▸ **ASSIGNMENT**
The answer must be only the lines below from the one holding "Detalhes: Camisa burberry" down to the one holding "White double cotton", ends included, printed exactly; please omit all pictures.

▸ **DATASET RECORDS**
[Start of section]

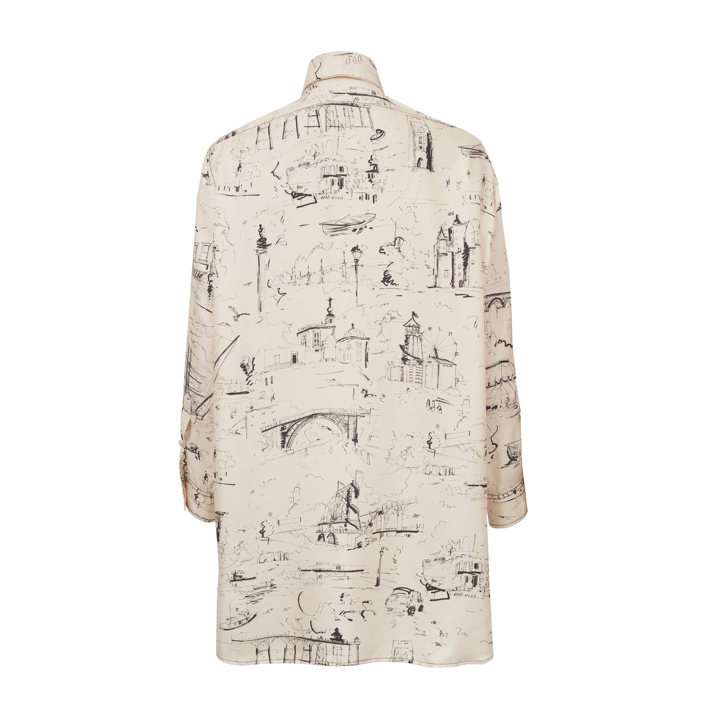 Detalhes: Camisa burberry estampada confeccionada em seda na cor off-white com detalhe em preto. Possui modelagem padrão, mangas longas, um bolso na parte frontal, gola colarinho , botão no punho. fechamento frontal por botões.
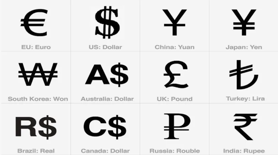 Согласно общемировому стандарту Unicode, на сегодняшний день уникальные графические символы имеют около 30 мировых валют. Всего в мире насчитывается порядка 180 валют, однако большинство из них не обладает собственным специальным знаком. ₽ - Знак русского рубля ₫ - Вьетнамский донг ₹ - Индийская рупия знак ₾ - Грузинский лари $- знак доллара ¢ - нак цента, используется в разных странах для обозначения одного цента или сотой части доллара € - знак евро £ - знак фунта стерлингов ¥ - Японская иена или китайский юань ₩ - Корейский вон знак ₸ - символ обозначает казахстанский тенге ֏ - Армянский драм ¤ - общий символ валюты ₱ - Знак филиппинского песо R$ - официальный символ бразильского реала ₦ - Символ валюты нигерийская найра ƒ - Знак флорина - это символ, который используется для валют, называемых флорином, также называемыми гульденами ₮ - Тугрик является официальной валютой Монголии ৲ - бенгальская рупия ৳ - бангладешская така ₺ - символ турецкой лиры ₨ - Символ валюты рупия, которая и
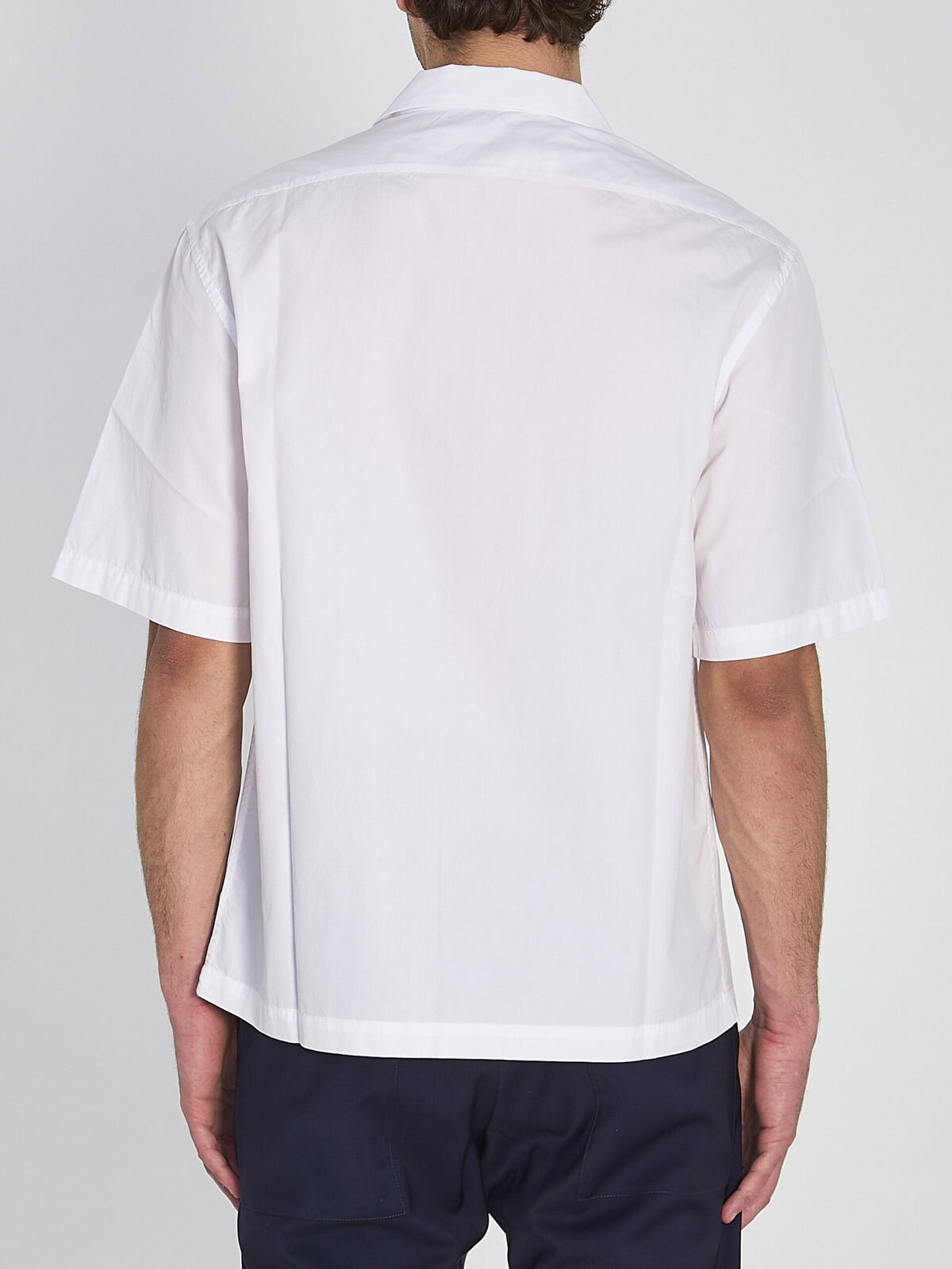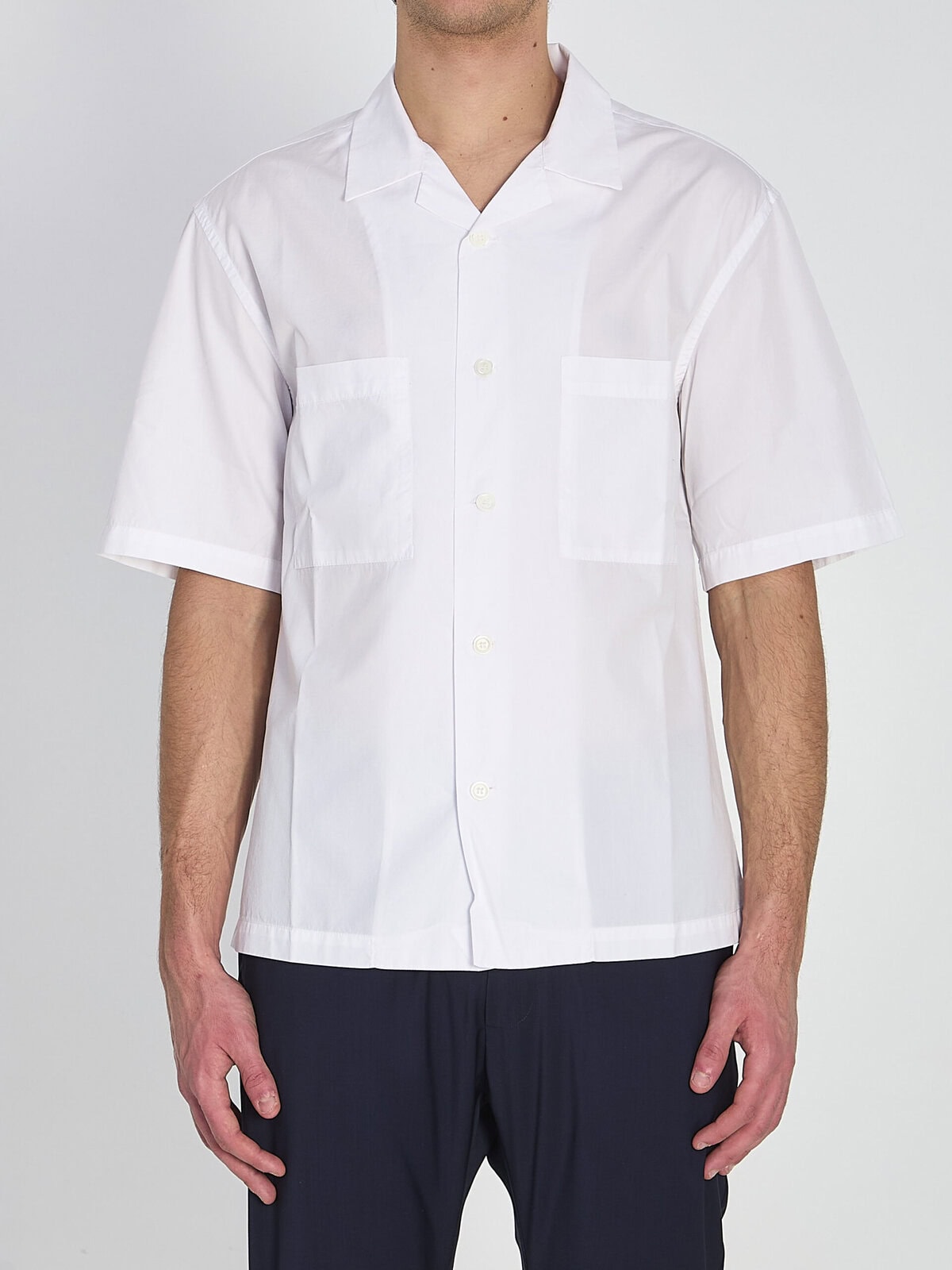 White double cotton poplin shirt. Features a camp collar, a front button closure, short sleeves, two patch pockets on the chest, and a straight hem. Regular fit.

[End of section]
[Start of section]

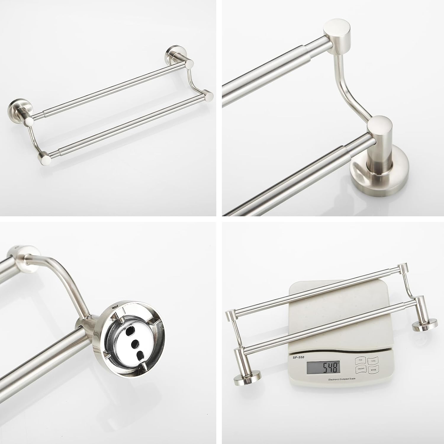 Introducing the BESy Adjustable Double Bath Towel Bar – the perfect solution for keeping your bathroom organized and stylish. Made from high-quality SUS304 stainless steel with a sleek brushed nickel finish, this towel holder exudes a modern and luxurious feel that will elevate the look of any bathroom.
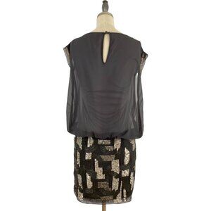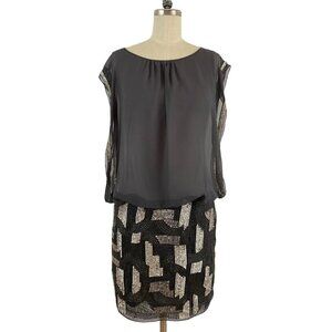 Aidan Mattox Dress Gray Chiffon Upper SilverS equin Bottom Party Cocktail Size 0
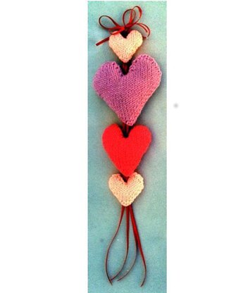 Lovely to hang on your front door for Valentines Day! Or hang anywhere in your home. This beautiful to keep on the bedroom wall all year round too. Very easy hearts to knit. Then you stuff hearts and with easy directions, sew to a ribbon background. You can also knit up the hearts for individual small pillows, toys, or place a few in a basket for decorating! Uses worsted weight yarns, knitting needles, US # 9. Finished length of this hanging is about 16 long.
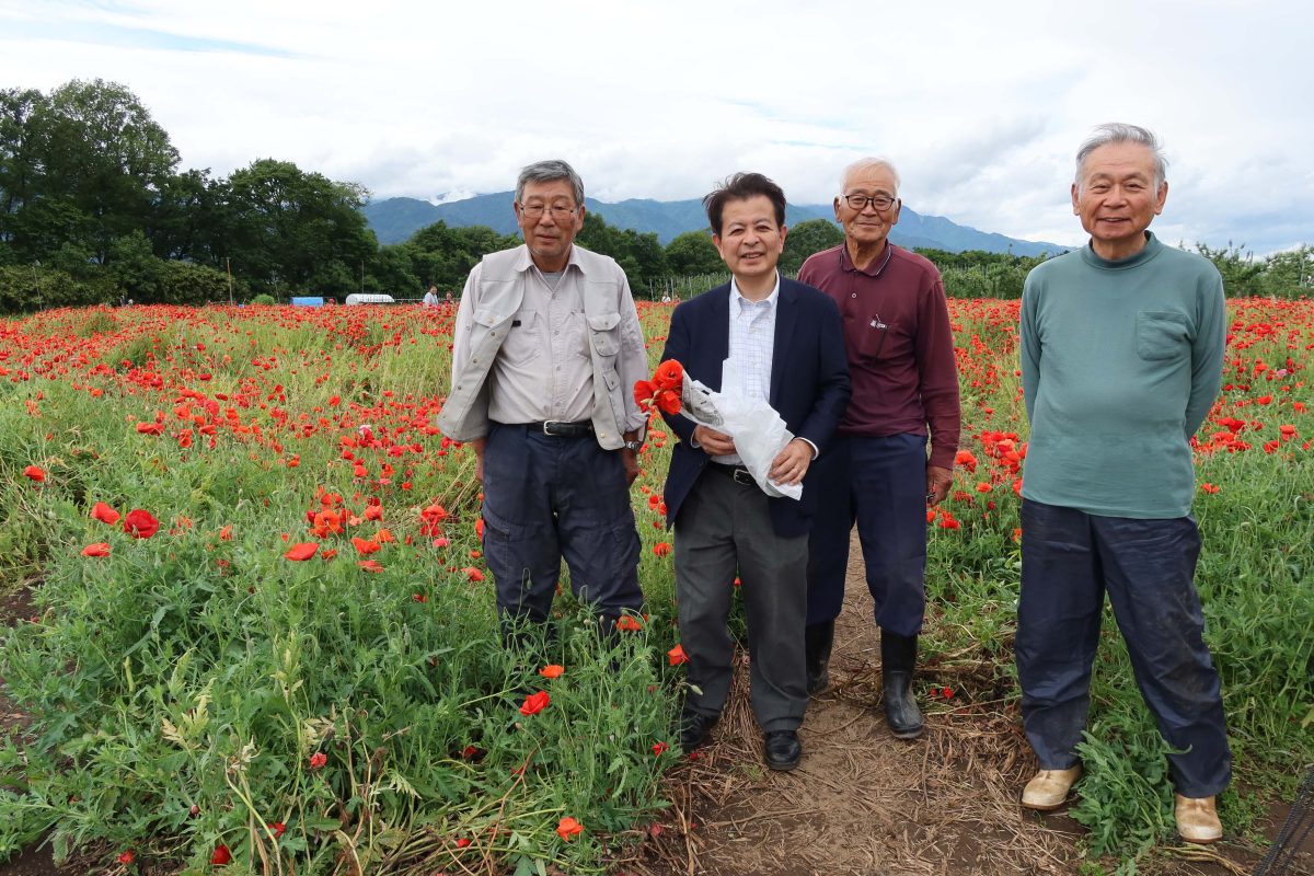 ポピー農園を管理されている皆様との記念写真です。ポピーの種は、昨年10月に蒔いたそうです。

[End of section]

▸ **SOLVED EXERCISE**
 Detalhes: Camisa burberry estampada confeccionada em seda na cor off-white com detalhe em preto. Possui modelagem padrão, mangas longas, um bolso na parte frontal, gola colarinho , botão no punho. fechamento frontal por botões.
 Согласно общемировому стандарту Unicode, на сегодняшний день уникальные графические символы имеют около 30 мировых валют. Всего в мире насчитывается порядка 180 валют, однако большинство из них не обладает собственным специальным знаком. ₽ - Знак русского рубля ₫ - Вьетнамский донг ₹ - Индийская рупия знак ₾ - Грузинский лари $- знак доллара ¢ - нак цента, используется в разных странах для обозначения одного цента или сотой части доллара € - знак евро £ - знак фунта стерлингов ¥ - Японская иена или китайский юань ₩ - Корейский вон знак ₸ - символ обозначает казахстанский тенге ֏ - Армянский драм ¤ - общий символ валюты ₱ - Знак филиппинского песо R$ - официальный символ бразильского реала ₦ - Символ валюты нигерийская найра ƒ - Знак флорина - это символ, который используется для валют, называемых флорином, также называемыми гульденами ₮ - Тугрик является официальной валютой Монголии ৲ - бенгальская рупия ৳ - бангладешская така ₺ - символ турецкой лиры ₨ - Символ валюты рупия, которая и
 White double cotton poplin shirt. Features a camp collar, a front button closure, short sleeves, two patch pockets on the chest, and a straight hem. Regular fit.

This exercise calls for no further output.